Я был расстроен. Сгорал от стыда. Так дешево клюнуть на удочку! Перед кем винился, у кого просил снисхождения! Фактически я признал вину и теперь, сколько бы ни протестовал, ни жаловался, они будут колоть глаза моим покаянным заявлением. Да еще обвинят в двурушничестве. Не слишком ли опрометчиво поверил нахрапистому Кудрявцеву о людях, признавших, якобы, знакомство с моими рукописями? Но перечень его точен. Ни одной фамилии с потолка. И откуда тогда ему стало известно о папке у Филиппова? Сомнения и стыд глодали меня.

Сосновский к тому времени ушел из камеры. Я напустился на Володю Баранова: «Какого черта насоветовали?»

— Может, ты что-то скрываешь из того, что им наверняка известно?

— Ничего я про себя не скрываю, а о других неприлично требовать.

— Следователи КГБ в основном порядочные люди, с ними можно договариваться. Иначе бы им не верили.

— Но мой — из прокуратуры.

— Так тебя прокуратура ведет? Как же ты здесь оказался? — удивляется Володя. — Тебе, старик, надо выходить на здешнего хозяина. Пиши в КГБ.

— Но следователь говорит, что все мои заявления сначала к нему поступают.

— Не беспокойся, если в КГБ, то сразу пойдет по назначению. Но учти, что там шуток не любят. Просишь о помиловке, значит, признайся честно. Если не можешь, лучше ничего не писать — хуже будет.

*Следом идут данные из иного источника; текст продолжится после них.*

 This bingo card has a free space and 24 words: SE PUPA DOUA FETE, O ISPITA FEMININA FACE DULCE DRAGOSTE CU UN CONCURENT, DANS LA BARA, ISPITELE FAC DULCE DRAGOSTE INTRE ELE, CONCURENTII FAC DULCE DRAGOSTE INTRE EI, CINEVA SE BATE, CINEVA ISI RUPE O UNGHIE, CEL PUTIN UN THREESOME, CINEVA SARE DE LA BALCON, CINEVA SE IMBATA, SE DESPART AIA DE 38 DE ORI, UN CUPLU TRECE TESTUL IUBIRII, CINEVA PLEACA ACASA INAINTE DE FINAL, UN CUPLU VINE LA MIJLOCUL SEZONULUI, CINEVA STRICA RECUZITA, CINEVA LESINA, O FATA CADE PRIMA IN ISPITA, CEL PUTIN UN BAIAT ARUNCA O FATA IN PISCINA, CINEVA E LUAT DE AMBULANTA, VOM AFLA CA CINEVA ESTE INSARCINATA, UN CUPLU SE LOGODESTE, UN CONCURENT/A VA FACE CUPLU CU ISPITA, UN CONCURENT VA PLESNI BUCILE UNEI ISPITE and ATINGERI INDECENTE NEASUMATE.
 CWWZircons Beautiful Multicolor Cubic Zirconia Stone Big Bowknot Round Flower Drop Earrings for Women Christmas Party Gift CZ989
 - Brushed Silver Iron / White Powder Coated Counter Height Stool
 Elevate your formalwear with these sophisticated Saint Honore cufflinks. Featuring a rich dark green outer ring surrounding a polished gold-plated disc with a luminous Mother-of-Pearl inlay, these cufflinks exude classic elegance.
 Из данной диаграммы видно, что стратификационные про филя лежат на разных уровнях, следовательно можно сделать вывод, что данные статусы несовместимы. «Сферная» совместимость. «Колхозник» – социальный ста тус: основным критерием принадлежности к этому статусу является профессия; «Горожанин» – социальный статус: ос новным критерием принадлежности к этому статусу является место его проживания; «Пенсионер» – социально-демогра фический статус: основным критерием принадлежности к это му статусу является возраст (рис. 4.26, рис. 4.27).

Как же быть? Балансирую на канате над пропастью. Дело может повернуться и так и этак. Стоять, выжидать нельзя. Идти, но как? Надо идти с акробатической точностью, рассчитать малейшее движение. Какая-то капля может спасти или погубить положение. Я верил, что положение можно спасти. Нужна какая-то инициатива, чтобы выбраться до суда. Какая? Что я должен еще предпринять? Следователь ставит условие: «Давай Попова». Но не могут же они, в самом деле, официально на этом настаивать. Чье это условие: лично его или кто-то диктует? Может действительно выйти на КГБ? Они пока не обнаруживают себя, но нет сомнения: моя судьба в их руках. Какую цену они запросят? Захотят ли встречаться со мной? Что бы там ни было, но ясности будет больше. А может, пока не спешить? Проверят публикации за рубежом, убедятся, что моего там нет, и сменят гнев на милость? Я погряз в нерешительности и ожидании.